Since she was obviously high on Shadow, he had to be the reasonable one. He picked her up, and ignored how her soft, sweet body curled into his. It had been a really long time since he’d held a woman. The fact that he was holding this particular woman didn’t help matters. He powered up the stairs, grateful that the chugging of his heart fought the direction of his blood.
“Where’s your room?” he said low in her ear.
Her mouth moved to his jaw. “Any room.”
“I want
your
room.” She was not sleeping in his.
She straightened a leg, pointing with her toe. “That way.”

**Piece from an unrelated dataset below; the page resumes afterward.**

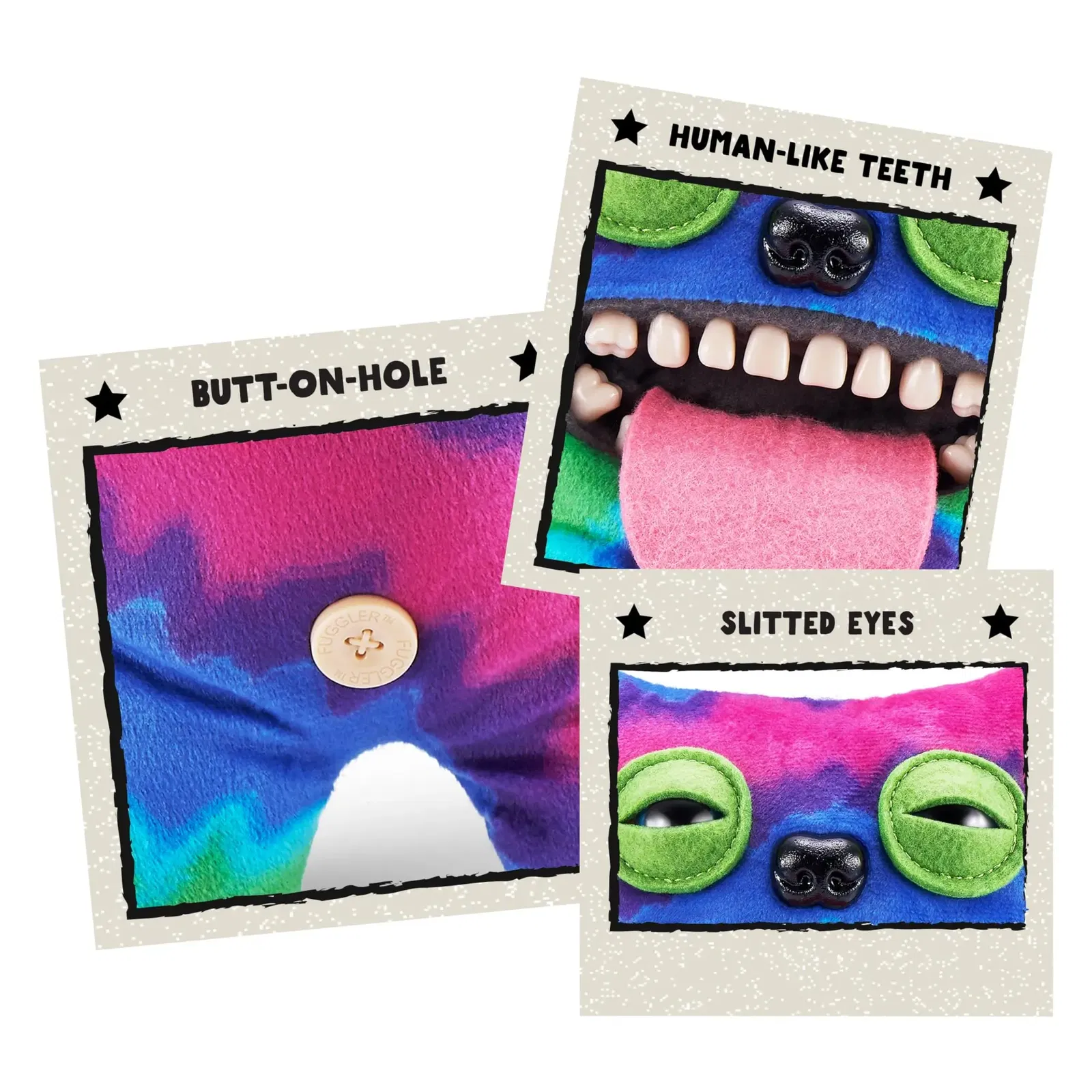Fuggler bangsarir eru með „button-hole“ að aftan og gervi-tennur.

Good. He took her down the hall to that door. He tried to turn the knob with his arms full of Cari. Took three tries, increasingly loud in the echoing space. The statue behind him watched. Didn’t help his coordination that Cari was doing something to his shirt. “Stop it, Cari.” She found his skin—her touch sizzled, sending a current of magic across his chest.
He finally got the door open. Kicked it wide, he was so fed up. As he turned her body so she wouldn’t bang her head on the jam, he caught sight of her stepmother. Mage black eyes, like glossy coal. She looked like she wanted to spit. At him.
This was not what it seemed.
“Faster, Mason,” Cari whispered.
Apparently it was.
He swept Cari inside, his irritation making him stronger, and slammed the door shut behind him. Cari could correct mistaken assumptions tomorrow. If the stepmother was going to kill him in the meantime, he hoped she’d make it quick and clean.
Tucking Cari in bed was like peeling off a kitten. She was going to have a blister of a headache tomorrow. He covered her with the blankets, warning “stay.” But her gaze burned so hot that he didn’t trust she would.
And if she got up? Would a male member of her staff say no?
He wasn’t going to defend her virtue, regardless of how she’d mocked his—Cari could sleep with whomever she wanted—but he would see to her dignity. The new, mighty Dolan, undone by magic. Careful, controlled Cari would be mortified.
She was sitting up, pulling at the neck of her blouse. She couldn’t seem to understand how buttons worked.
Another man might tempt fate and try to “make her more comfortable.” He wasn’t stupid. He didn’t need to see her glowing skin to challenge his willpower. His mind was already stuttering with his response. He’d slept in his clothes many times. So could she.
His attention caught on a side table cluttered with small decorative bottles meant to hold scent. They gleamed in the late night like fat, gaudy jewels, and were stoppered by slivers of moonlight.